Alger et Paris se dirigent-ils inéluctablement vers une rupture des relations diplomatiques ? C’est en tout cas le sentiment qui domine cette escalade de tensions dans leurs relations et les minces possibilités de normalisation qui s’offrent aux deux pays.
Après une apparente accalmie initiée par le coup de téléphone entre Emmanuel Macron et Abdelmajid Tebboune, suivie par la visite de Jean-Noël Barrot à Alger, la confrontation politique et la rupture entre les deux pays sont reparties de plus belle. Paris accuse Alger d’avoir tenté de monter des opérations d’enlèvement d’opposants sur le territoire français en flagrante violation de toutes les conventions entre les deux pays.

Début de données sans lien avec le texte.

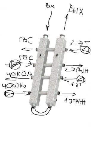 plehan, ВѣреярЪ, Касаемо промывки и теплообменника совет понял. Касаемо гидравлического разделителя. Посмотрел в инете. Судя по всему у меня он установлен, и насосы стоят отдельно на каждую из четырех линий (контуров), но теперь думаю что неправильно подключили систему. Смотрите: непосредственно к Baxi подключен гидро-распределитель. (Попытаюсь прикрепить картинку) А вот к нему подключены контуры, но по принципу (слева против часовой стрелки см. картинку): Вход ГВС - Выход ГВС, Вход цоколя -выход цоколя, Вход 1этаж - выход первый этаж, вход второй этаж - выход второй этаж.

Après cette phase d’expulsion réciproque de diplomates et le rappel de l’ambassadeur français, l’interrogation qui domine les cercles du pouvoir des deux côtés de la Méditerranée est : quelle sera l’étape suivante ? Sera-t-elle acculée à une indispensable accalmie au regard des enjeux lourds et vitaux de cette très particulière relation entre la France et l’Algérie ? Ou ira-t-elle vers plus de tensions jusqu’à atteindre la rupture des relations diplomatiques entre les deux pays?

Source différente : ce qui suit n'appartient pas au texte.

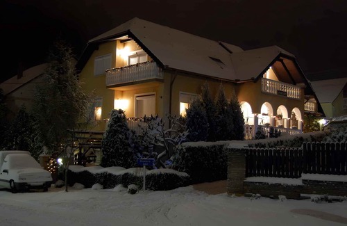 The holiday apartment is located in an apartment house built in 1994, was renovated in 2018 and is furnished in a modern style. The property is located in the town centre. Also due to its quiet and sunny location the domicile is popular. This property is a family-friendly accomodation. Available for shared use: sunbathing lawn, parasol, sun lounger, children's playground, swing, sandpit, barbecue facilities, terrace, pavilion, garden furniture, Hollywood swing, campfire site and courtyard.LocationHévíz, 160 m above sea level. The holiday apartement is located on a 720 sqm enclosed garden plot with meadow, flowers, shrubs and trees, bordered by a fence and a hedce. The landlord lives permanently in the house, but uses a seperate entrance. Exotic plants Access is via a side road (asphalted, length 30 m). Parking (for 2 cars) is available in a garage and in a carport and on the property. Parking in a closed yard Specialair conditioning, central heating (gas), underfloor heating. In summer: fan and air conditioningFacilities: children's toys, baby cot, high chair, internet access (WLAN), iron and dryer. TV reception takes place via satellite. There is no broadcast in Hungarian The accommodation has hypoallergenic pillows.For your safety, the accommodation is equipped with CO2 detector, smoke detector and first aid kid.Hygiene measures: disinfectant and final cleaning with sanitisation. Leisure2 bicycles. Dogsnot allowed. DistancesShopping 200 m (200 m in winter), restaurant 300 m, town center 500 m. Hévíz: cinema 1200 m, thermal bath 1400 m, railway station 1500 m, bank 400 m, sauna, pharmacy each 500 m. doctor 600 m. Keszthely: indoor swimming pool 7 km and discotheque 7,5 km. airport in Sármellék 14 km. Railway line 7 km. Main road 400 m. Children's playground 300 m. In summer: Hévíz thermal baths 1400 m in Hévíz (beach 7,5 km in Keszthely featuring meadow, sand and gravel). horse riding in Cserszegtomaj 4 km. dog beach in Gyenesdiás 11 km. Hévíz: golf 1500 m, tennis 500 m and mini golf 600 m. fishing, water sports, boat rental, boat launch each 7,5 km in Keszthely. diving in Tapolca 25 km. Homokos beach Gyenesdiáson 11 km. Kisvasút 200 m. Balaton 7.5 km. In winter: ice skating in Hévíz 1200 m. DivisionHoliday apartment, 1 floor, 2 rooms (including 1 bedroom), 34 sqm, in total 2 beds. RoomThe entrance to your holiday apartment is located on the mezzanine floor, is at ground level and wheelchair accessible and leads over the 8 sqm terrace directly into the living room with doors to all rooms. Living room (10 sqm) with sitting area, TV, radio, CD player and access to the terrace (covered, garden furniture, 1 table, 2 chairs). Bedroom (12 sqm) with 1 double bed. Kitchen (6 sqm) with dining area (2 seats), electric stove (ceramic hob, 2 plates), fridge (120 l, icebox), microwave, coffee machine, toaster and electric kettle. Bathroom (6 sqm) with dryer, shower, 1 washbasin, WC, hairdryer and window. Terms of lease and pricesIncluded in the pricebabycot, parking place, electricity, gas, water, final cleaning, bed linen, Wireless Internet access. Side costs-Costs on the spot:/Obligatory:local tax by local tariff.On request:bicycle 4 € per bicycle per day. garage 2 € per car per day. air conditioning 2 € per object per day.Deposit:EUR 50,-/object.

Même s’il paraît politiquement impossible aujourd’hui, ce scénario n’est pas à exclure dans l’évolution de cette effervescente relation entre Alger et Paris. Enjeu. Des forces aussi bien en Algérie qu’en France qui pourraient trouver un intérêt stratégique commun à ce divorce.
D’abord en Algérie où la haine de la France a longtemps fonctionné comme un carburant pour légitimer la prédation politique et économique du système algérien issu de la décolonisation. Aujourd’hui le régime algérien ne tient que par une double haine. Celle à l’égard de son voisin marocain et celle à l’égard de son ancien colonisateur la France.
Ensuite en France où des milieux de droite et d’extrême droite sont devenus politiquement épidermiques au fait algérien en France qui charrie avec lui une violence intrinsèque et un danger permanent sur le vivre-ensemble.
Théoriquement, l’intérêt de ces deux tendances serait d’aller à la grande rupture pour crever les abcès de cette histoire commune entre les deux pays avec l’espoir de la reconfigurer sur de nouvelles bases. En tout cas c’est sur ce point particulier de divergence que la doctrine officielle algérienne est en train d’appuyer pour justifier cette crise avec la France.
Pour Alger, le grand méchant politicien qui veut, pour des raisons de braconnage électoral, jeter l’huile sur le feu n’est autre que le ministre de l’intérieur Bruno Retailleau. D’ailleurs aussi bien la presse écrite algérienne dans une surprenante unanimité que les chaînes de télévision ont pris Retailleau comme bouc émissaire. Si le sentiment de l’impasse domine ces relations, ce serait uniquement par la faute d’un homme, Retailleau, à la foudroyante ambition présidentielle.
En cantonnant ses attaques sur le ministre de l’intérieur, le régime algérien veut faire croire que la crise n’est pas de son fait ni de ses choix politiques mais celle d’une droite radicale nostalgique de l’Algérie française. Cet angle d’attaque présente, a priori, l’avantage de s’offrir des portes de sortie non pas à travers une mise à plat de toutes les divergences politiques entre Paris et Alger mais à travers une sortie de Bruno Retailleau de la photo gouvernementale. Ce qui, vu l’absence de majorité et l’instabilité politique qui caractérisent la scène française depuis les dernières législatives, peut arriver à n’importe quel moment. Le gouvernement de François Bayrou n’est pas à l’abri d’une motion de censure et le Parlement français d’une dissolution.
La crise entre la France et l’Algerie ira-t-elle donc jusqu’à connaître une rupture des relations diplomatiques? Ce serait non seulement historique mais gravement chargé de tous les risques pour les deux pays. Ce qui rend cette hypothèse peu probable dans le contexte actuel c’est que le président Emmanuel Macron n’a pas encore joué toutes les cartes pour tenter de convaincre le régime algérien de revenir à la raison. Cartes de séduction bien sûr mais cartes de dissuasion. Emmanuel Macron qui a débuté son premier mandat comme le président de la République qui a exprimé la plus forte déclaration d’empathie à l’égard de l’Algérie au point que son tropisme algérien faisait tache dans le casting présidentiel de la cinquième République ne voudrait certainement pas terminer son second mandat par une rupture diplomatique avec l’Algérie.